In the context of the 12 security checks run by middleBrick, this manifests as a finding when unauthenticated or low-privilege probing reveals that an API key grants access to endpoints or operations that should be restricted to specific roles or scopes. For example, a key issued for read-only billing may still trigger destructive admin endpoints if the server does not validate scopes. Such gaps highlight the importance of binding API keys to explicit permissions and validating those permissions on every request, rather than relying on the key as a simple bearer token.

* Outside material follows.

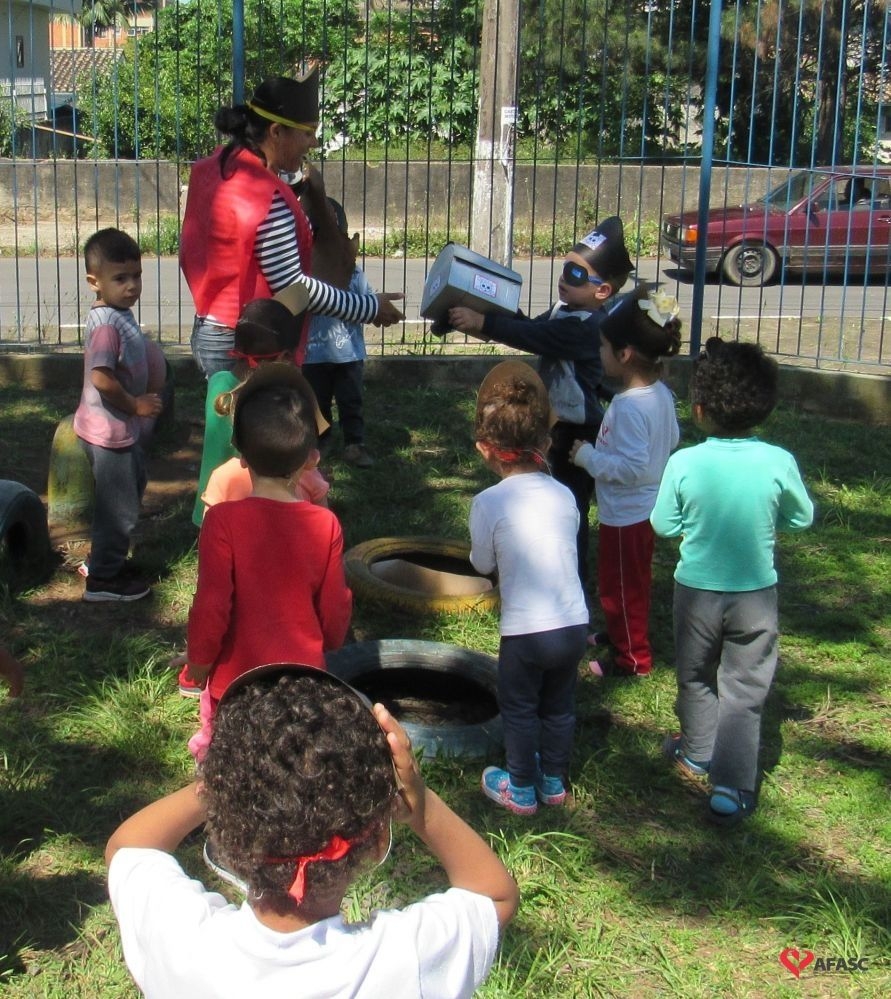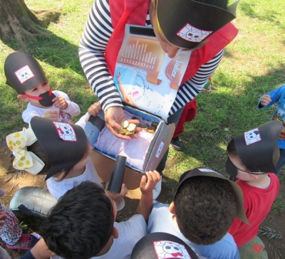 Para ampliar o conhecimento das crianças, as professoras Maria Helena e Carolina realizaram uma caça ao tesouro. Pistas foram deixadas pelo CEI para chegar até o baú do pirata, que estava com muitas moedas de ouro.
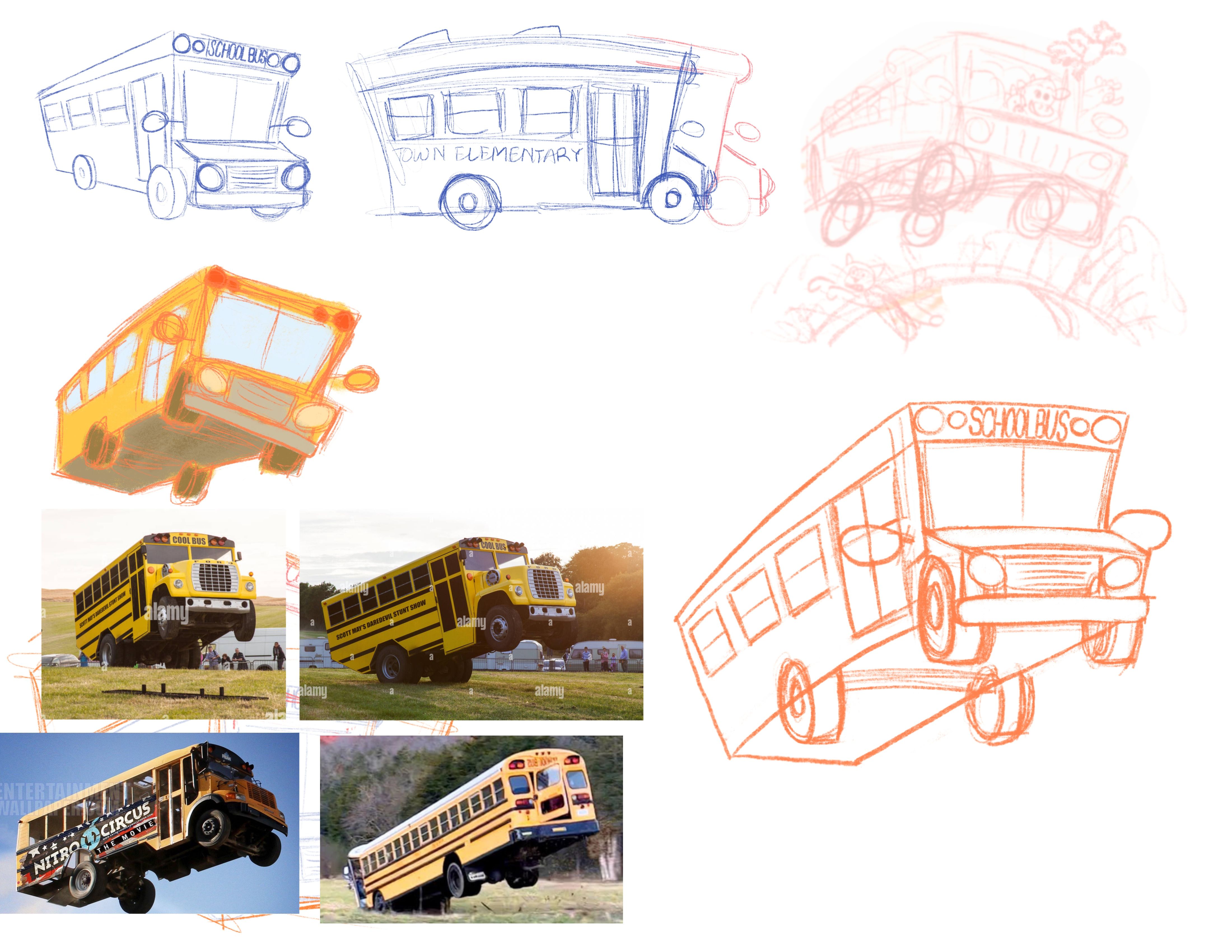 @kayleenartlover I love how this is going, and it is hysterical that you found so many pictures of buses getting air! I had a thought about the teachers and students, if you are still brainstorming a plausible distraction. Maybe they all got out to take a picture with the scenery or some landmark of educational value, and are standing facing away from the bus. The photographer is the only one who is facing it but might not even notice that the animals are getting on because everyone else is in the way. Then you have the one kid in the back who sees it happening.

Api Keys-Specific Remediation in Adonisjs
Remediation centers on ensuring that each API key is tied to a defined scope or role and that every controller enforces these constraints. Below is a concrete approach using AdonisJS middleware and policy checks. First, extend your API key model to include scope attributes:
// app/Models/ApiKey.ts
import { DateTime } from 'luxon'
import { BaseModel, column } from '@ioc:Adonis/Lucid/Orm'
export default class ApiKey extends BaseModel {
@column({ isPrimary: true })
public id: number
@column()
public keyHash: string
@column()
public scope: string // e.g., 'read:billing', 'write:users', 'admin'
@column.dateTime()
public expiresAt: DateTime
@column.dateTime('auto')
public createdAt: DateTime
@column.dateTime('auto')
public updatedAt: DateTime
}
Next, implement a scope validation middleware that checks the key’s scope against the required permission for the route:
// start/hooks.ts
import { Exception } from '@poppinss/utils'
import { HttpContextContract } from '@ioc:Adonis/Core/HttpContext'
export const validateApiKeyScope = async (ctx: HttpContextContract, next: () => Promise<void>, requiredScope: string) => {
const apiKey = ctx.request.header('x-api-key')
if (!apiKey) {
throw new Exception('API key missing', 401, 'MISSING_API_KEY')
}
const keyRecord = await ApiKey.query()
.where('keyHash', hashKey(apiKey)) // assume a secure hash function
.where('expiresAt', '>', DateTime.local()) // ensure not expired
.preload('scope') // if scopes are a separate relation
.first()
if (!keyRecord) {
throw new Exception('Invalid or expired API key', 401, 'INVALID_API_KEY')
}
if (!hasScope(keyRecord.scope, requiredScope)) {
throw new Exception('Insufficient scope', 403, 'INSUFFICIENT_SCOPE')
}
ctx.auth.user = keyRecord // attach to auth for downstream use
await next()
}
function hasScope(keyScope: string, requiredScope: string): boolean {
// Implement scope hierarchy or exact matching as needed
return keyScope === requiredScope || keyScope === 'admin'
}
Then apply this middleware to routes that require specific scopes, and ensure controllers do not trust implicit permissions:
// routes.ts
Route.get('/users/:id', async ({ request, auth }) => {
const user = await User.findOrFail(request.param('id'))
// auth.user is set by validateApiKeyScope and can be used for ownership checks
return user
}).middleware([() => validateApiKeyScope({}, 'read:users')])
Route.post('/users', async ({ request, auth }) => {
// Only allow if scope includes 'write:users' or 'admin'
const payload = request.only(['name', 'email'])
const user = await User.create(payload)
return user
}).middleware([() => validateApiKeyScope({}, 'write:users')])
For admin operations, require a strict scope and avoid accepting elevated keys on shared endpoints. If you use a package for hashing keys, ensure it is cryptographically strong and that keys are never logged. Combine this with ownership checks (e.g., confirming that a modifying request’s subject matches the authenticated key’s tenant or user ID) to prevent BOLA/IDOR and privilege escalation paths.